Post-induction treatment arm on AALL1131 did not impact DFS (P=0.95) for SR patients with EOI MRD ≥0.01%. The EOC MRD-positive rate was not significantly different between the various treatment regimens on the AALL1131 high risk and very high risk sub-studies (Supplemental Table S5)21,22. The SR patients with MRD≥0.01% at both EOI and EOC had a significantly worse 4-year DFS compared to EOI MRD-positive patients with EOC MRD <0.01% (72.9±19.0% versus 90.7±2.9%; P=0.0019) (Figure 2A), but 4-year overall survival (OS) was excellent and not significantly different from those with EOC MRD<0.01% (91.7±10.8% versus 95.5±2.0%, P=0.25) (Figure 2B). The 4-year cumulative incidence rate of isolated marrow relapse for EOI MRD-positive patients was 27.1±12.5% for those with EOC MRD ≥0.01% compared to 5.2±1.6% for those with EOC MRD <0.01% (P<0.001) (Figure 2C). Central nervous system (CNS) relapse was rare occurring in 0/25 EOC MRD-positive patients and 6/343 EOC MRD-negative patients, (4 isolated CNS relapse and 2 combined marrow/CNS relapse) (Supplemental Figure S1). Five of the 6 EOC MRD-positive patients who relapsed had EOI MRD ≥0.1%, suggesting those with higher EOI disease burden are at highest risk for relapse (Supplemental Table S6).
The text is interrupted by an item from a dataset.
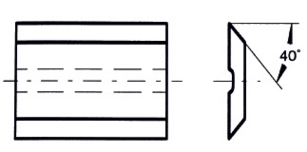 PLAQUETTE K05 19,7X8X1,5 / 2 COUPES 40° HM- rainure grande face
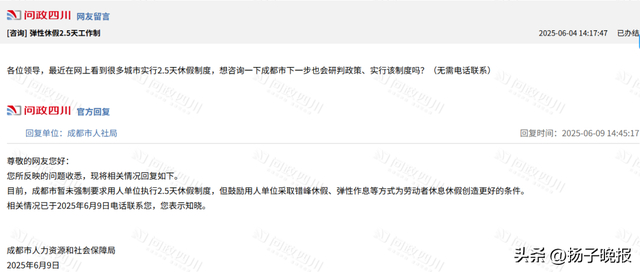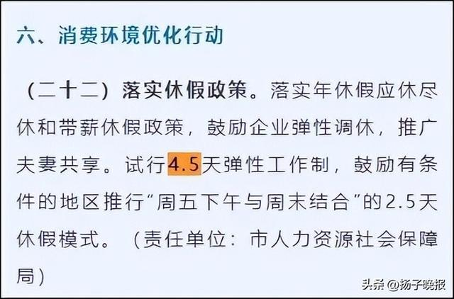 去年,四川省绵阳市商务局曾印发《绵阳市提振消费专项行动2025年工作清单》。其中,备受关注的落实休假政策中提到,落实年休假应休尽休和带薪休假政策,鼓励企业弹性调休,推广夫妻共享。试行4.5天弹性工作制,鼓励有条件的地区推行“周五下午与周末结合”的2.5天休假模式。

Given the association between higher EOI MRD and likelihood of having MRD ≥0.01% at EOC, we analyzed the prognostic value of EOC MRD in patients with high (≥0.1%) EOI MRD. Among those with EOI MRD ≥0.1%, the 4-year DFS was 88.8±5.1% for those with EOC MRD <0.01% (N=141) versus 67.7±22.2% for those with EOC MRD ≥0.01% (N=20) (P=0.0247), demonstrating the prognostic import of EOC MRD even among patients with high EOI MRD (Supplemental Figure S2A).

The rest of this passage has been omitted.